The following describes an extension of the Descartes Rule of Signs to polynomials with complex coefficients.
First, I need to define the notion of a "sweep"... Given a complex polynomial p(z) := c0 zm0 + c1 zm1 + ... + cn zmn with non-zero ci and strictly increasing mi, let {αi} be the coefficients' "non-decreasing argument sequence": αi = arg ci (mod 2π), and α0 ≤ α1 ≤ ... ≤ αn, with each αi+1-αi taken as small as possible; then αn-α0 computes the "angular sweep" --which I'll denote sweep(p)-- of a needle with one end anchored at the origin of the Complex Plane that begins pointing at c0 and then spins counter-clockwise to point at each ci in turn ("stalling in place" when consecutive coefficients have equal arguments).[*]
With this, we have:
The Descartes Rule of Sweeps. The number of positive real roots of p is at most $\lfloor \frac{1}{\pi} sweep(p)\rfloor$.
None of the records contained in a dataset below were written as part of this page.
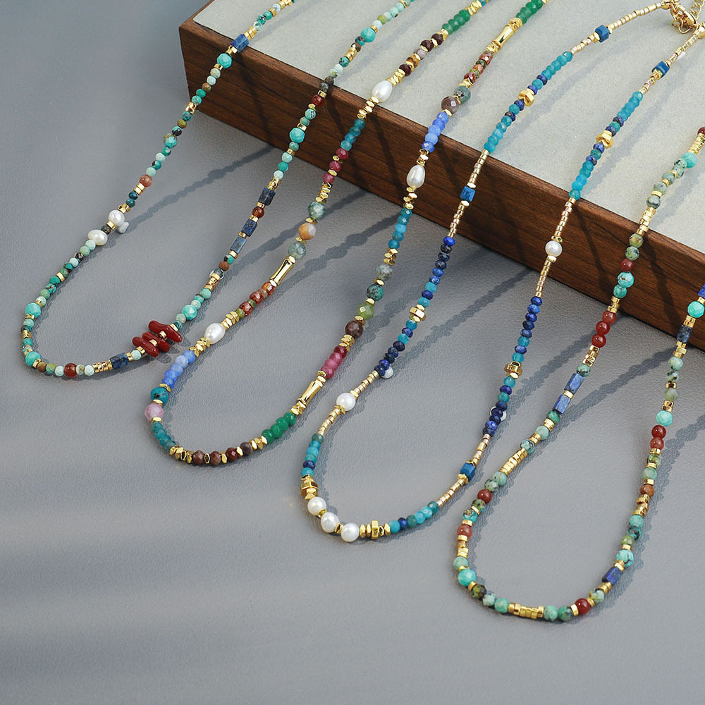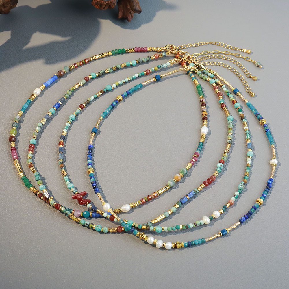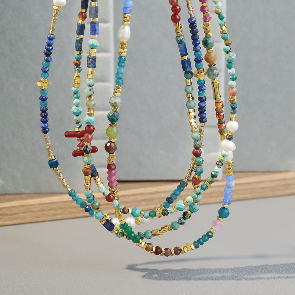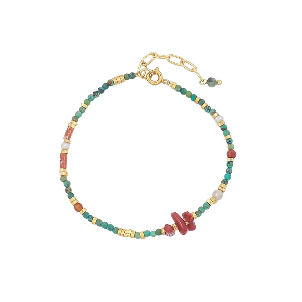 英国Cherry Kitty春季彩色非洲松石红色珊瑚手工串珠项链波
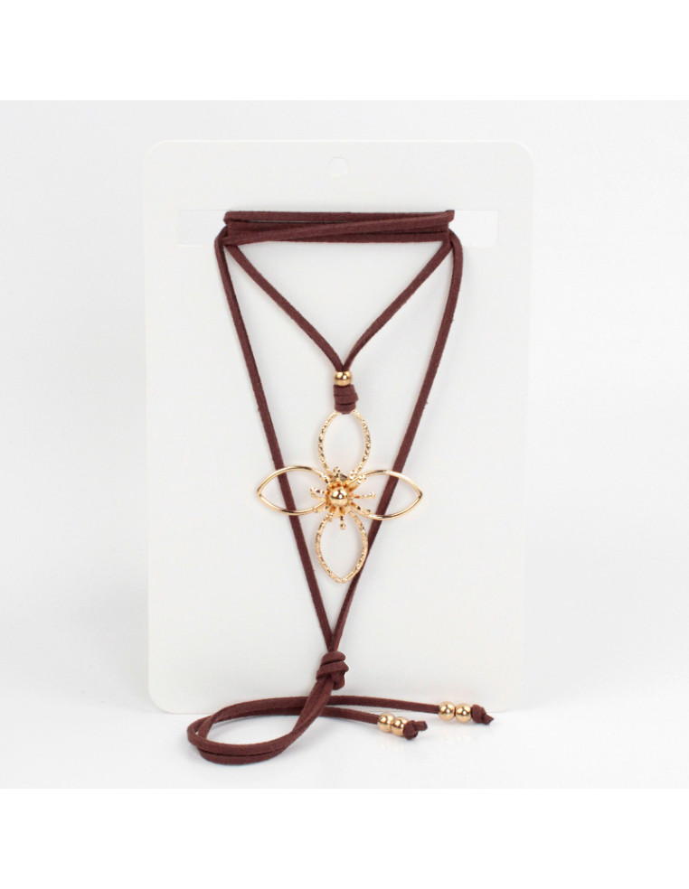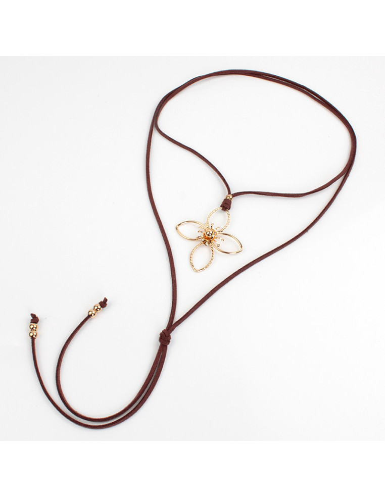 Collar de gamuza de múltiples vueltas, con dije exclusivo de metal con forma de flor y terminales en punteras.
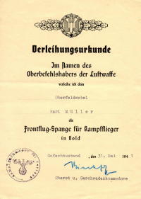 The above document for the Gold award of the Bomber Clasp was awarded to pilot Oberfeldwebel Karl Muller who won the Knight's Cross in October 1942 as a member of KG2.
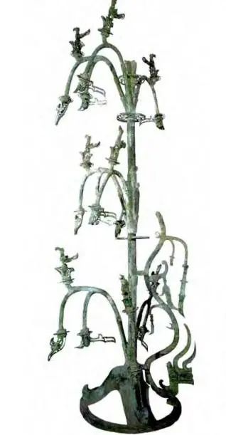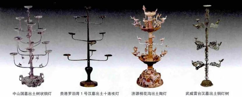 青铜连枝灯又称为多枝灯、枝状灯,被研究者认为是青铜树的一种变体。三星堆文化发现商代青铜树后,在河北平山中山国墓中也曾发现一盏战国时期的树状铜灯。铜灯粗壮的主杆向四方伸出14个枝干,每个枝头托着1个灯盏,鸡和类似人形的猴子在枝干上嬉戏玩耍。基座由三虎承托,虎口衔环,透雕螭龙纹,上有二裸人,一手托食物,一手向上抛食喂猴。与三星堆青铜神树相似的是,多枝灯主干上也有螭龙盘绕其上。尽管多枝灯是按不同功能和目的制造的,但它的14个灯盏向四面八方提供光亮,这一设计可能是受到了古代神话传说中的扶桑与若木的启示。灯杆上盘绕的龙,枝上嬉戏的猴、鸡以及喂食的裸人俨然一派妙趣横生的山林情景。此后,灯与树的造型出现了愈来愈多的交集。广西贵港罗泊湾1号汉墓出土有一件十连枝灯,造型比中山国墓出土的那件简单,但顶部灯盏有一只鸟则与青铜树极为相似。
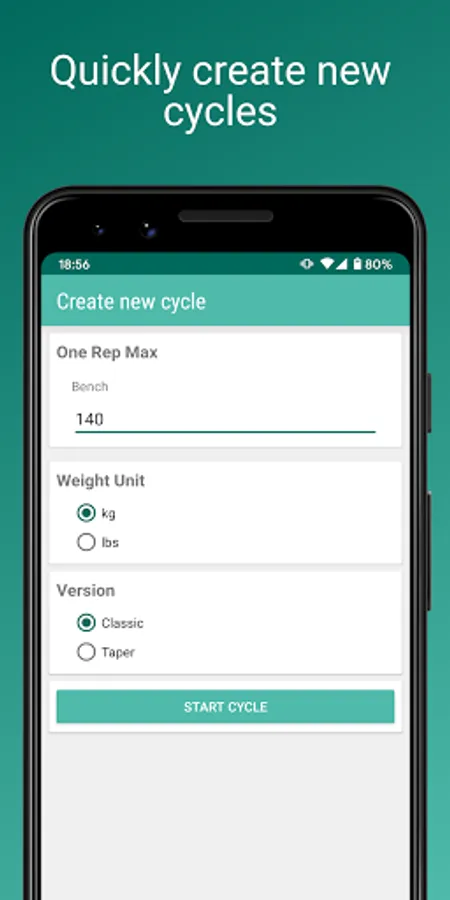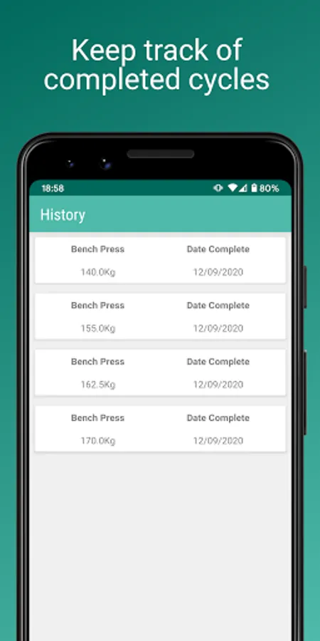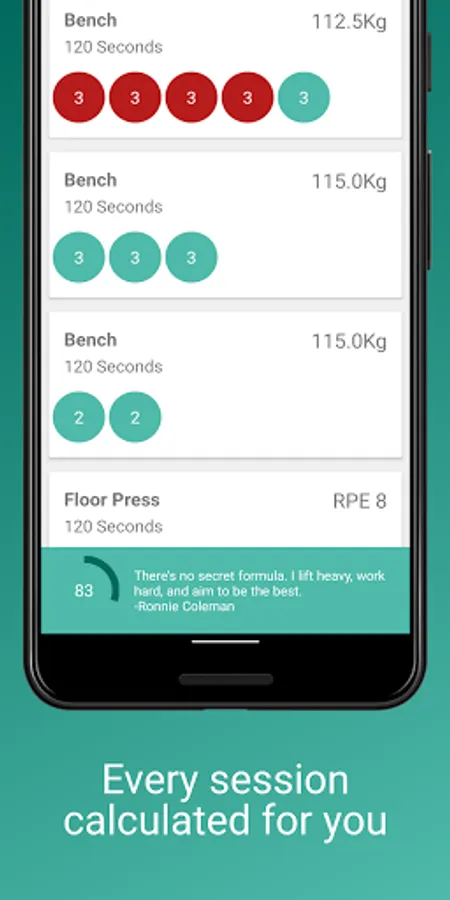 This app will generate cycles for you based on your current one rep max and allow you to track your progress through each session and week. A full history of your completed cycles is stored and you can view your increasing bench press power on a graph.
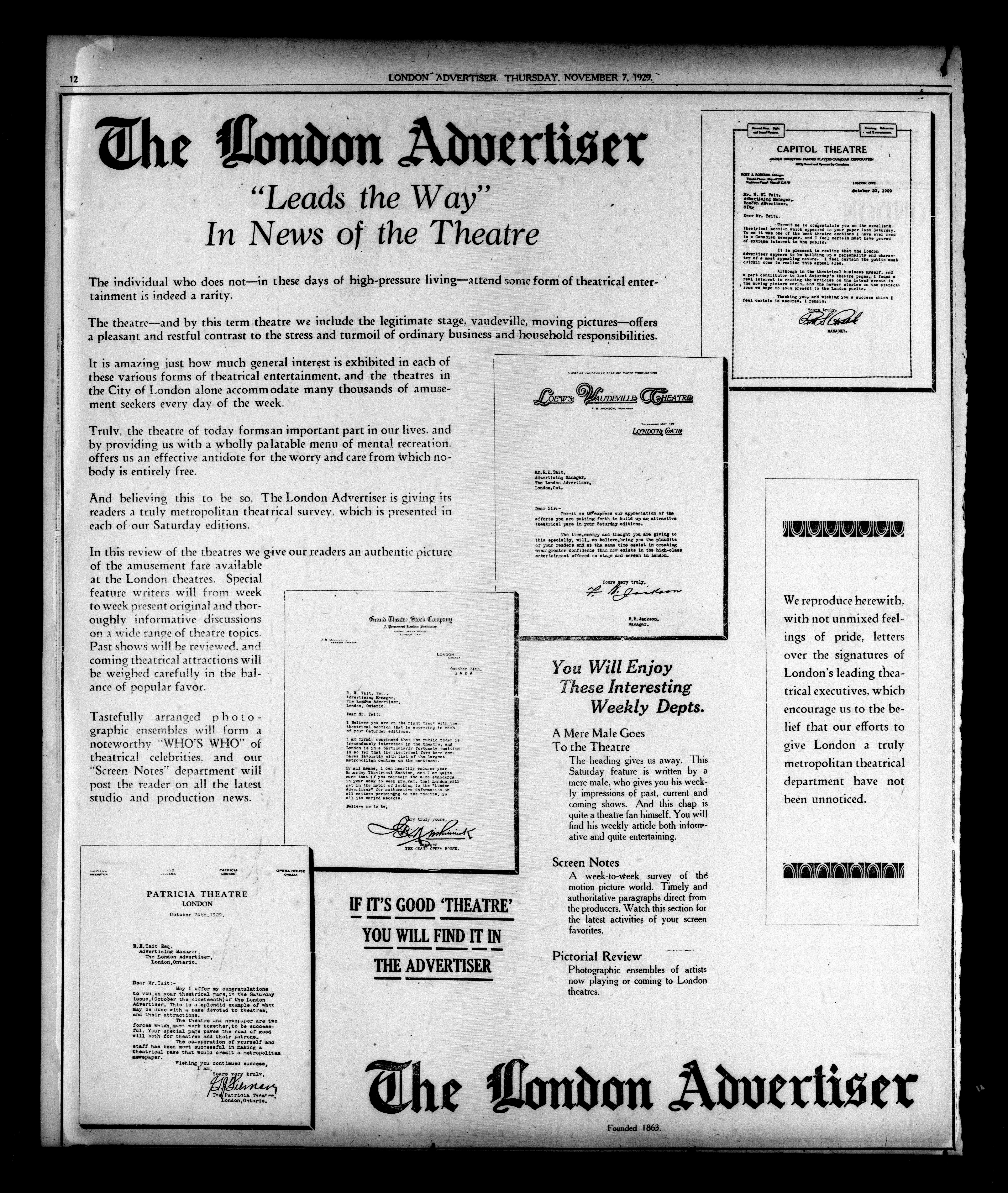 London, Ontario : London Advertiser Company, Limited, [1929]; 20 images, 0 avec recherche en texte intégral
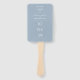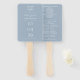 Um elegante leque de mão para casamento minimalista azul empoeirado que inclui os detalhes do seu grande dia em tipografia clássica e sofisticada. Concebido por Thisisnotme©
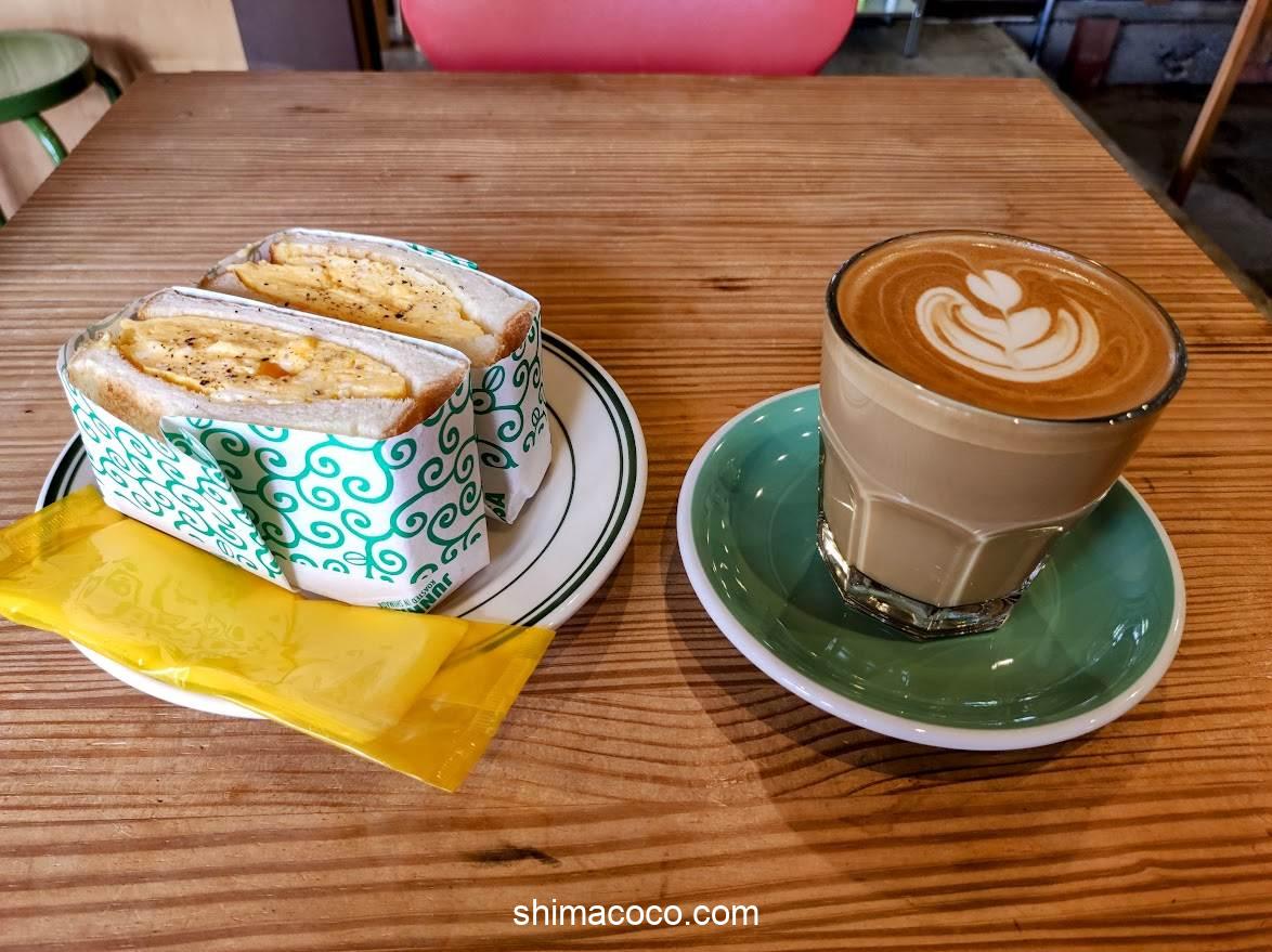 カフェラテ:650円、たまごサンド:750円
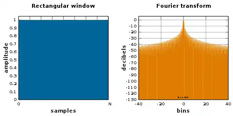 The rectangular window (sometimes known as the boxcar or Dirichlet window) is the simplest window, equivalent to replacing all but N values of a data sequence by zeros, making it appear as though the waveform suddenly turns on and off:
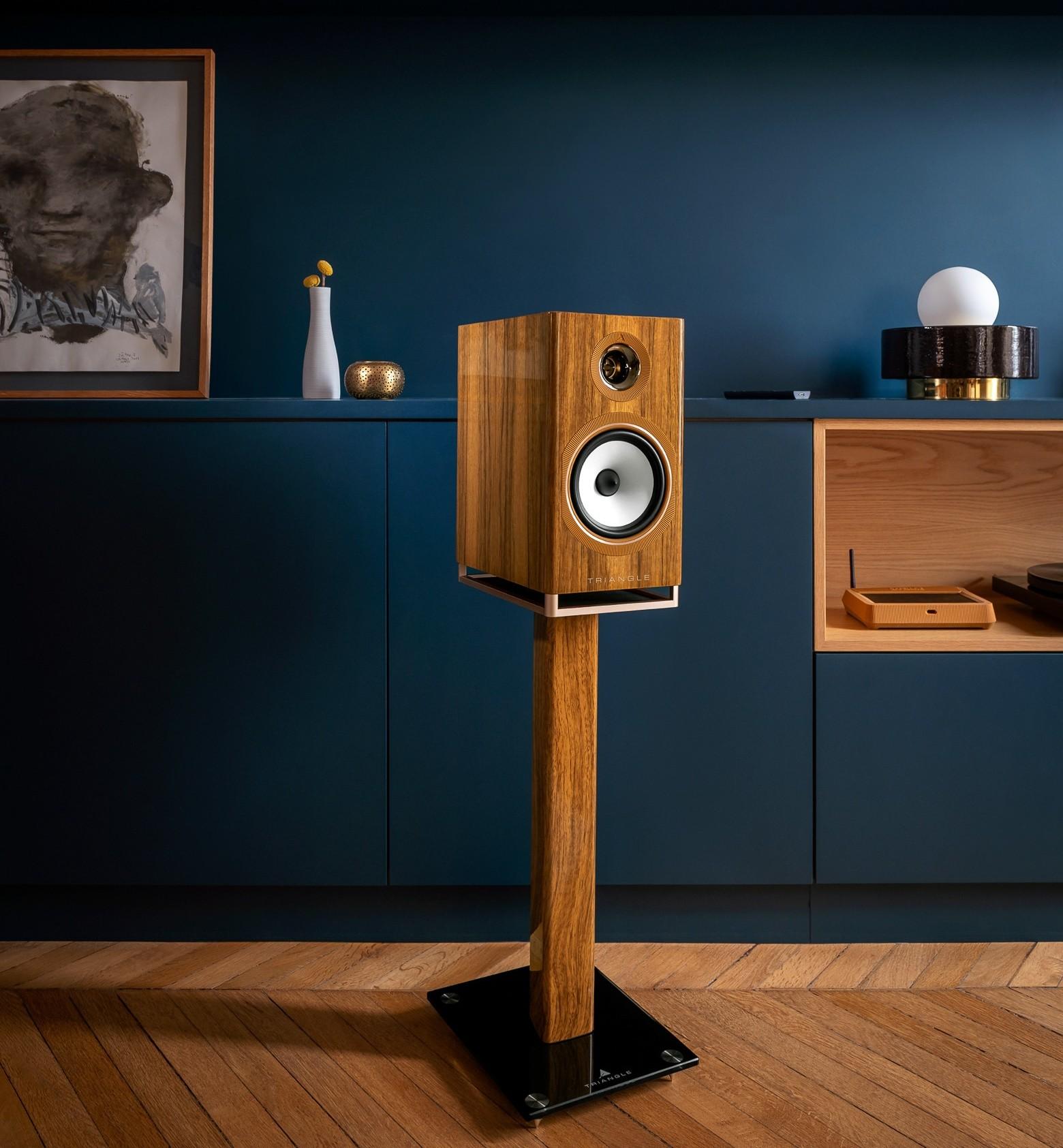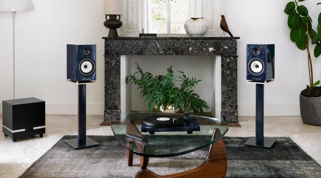 The speaker cabinets include Triangle’s DVAS (Driver Vibration Absorption System), which uses internal bracing and damping to keep cabinet resonance in check. The design includes curved edges, downfiring bass ports, and an elevated aluminum base—not just for looks, but also to improve airflow and help with placement flexibility.
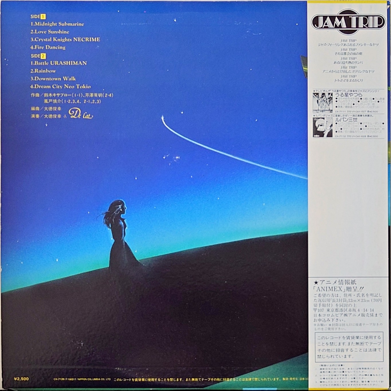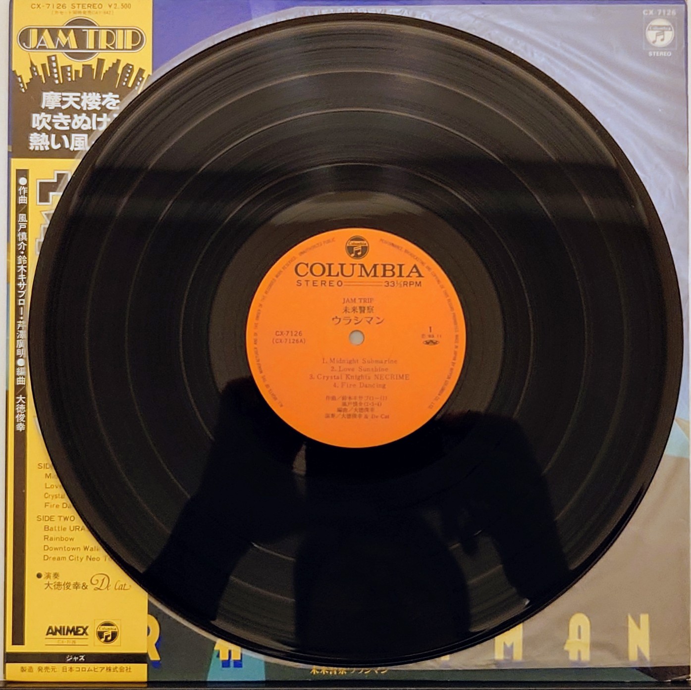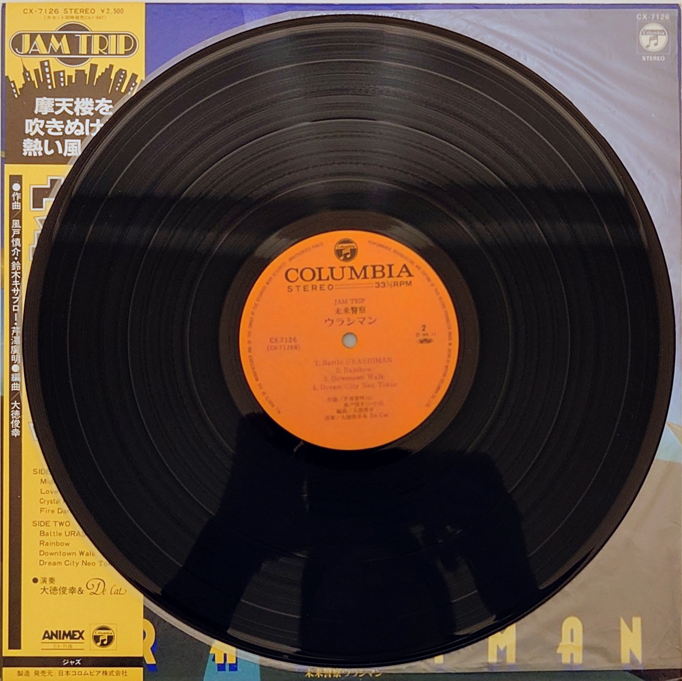 (爵士樂) JAM TRIP < 未來警察 > 1983 LP黑膠專輯 (ジャズ) JAM TRIP < 未来警察ウラシマン > 1983 LPレコード 日本生產 / Made in Japan LP 唱片狀況良好沒有花痕連側紙. 封套及內頁由於年代久遠難免出現少許歲月痕跡, 決定購買前請小心考慮, 不設退換. 一般在石硤尾站交收, 另可按買家需要另行安排順豐送貨. 曲目/SONG LIST A1 Midnight Submarine A2 Love Sunshine A3 Crystal Knights NECRIME A4 Fire Dancing B1 Battle URASHIMAN B2 Rainbow B3 Downtown Walk B4 Dream City Neo Tokio
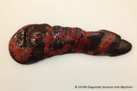 Shown: Infarction or ischemic necrosis secondary to diaphragmatic hernia

(The Descartes Rule of Signs represents a special case: each sign change in a polynomial's real coefficient sequence contributes π to the sweep, so that $\frac{1}{\pi}sweep(p)$ exactly counts those sign changes.)
Now, I can prove the Rule of Sweeps using the Descartes Rule of Signs itself, but that approach sheds no light on why the Rule of Signs works (which is what I'm really after). The result seems to be one clever contour away from falling directly out of the Cauchy Argument Principle --and it even seems curiously appropriate that the formula provides a kind of half-winding number from the coefficient sequence-- but apparently I'm not sufficiently clever. :(
Suggestions?
[*] Note: One can also compute a sweep of the coefficients taken in reverse order (or, equivalently, spinning the needle clockwise). Differently-directed sweeps are usually not equal, so we can optimize the bound in the Rule of Sweeps by taking "the" sweep as the minimum of the two directed sweeps.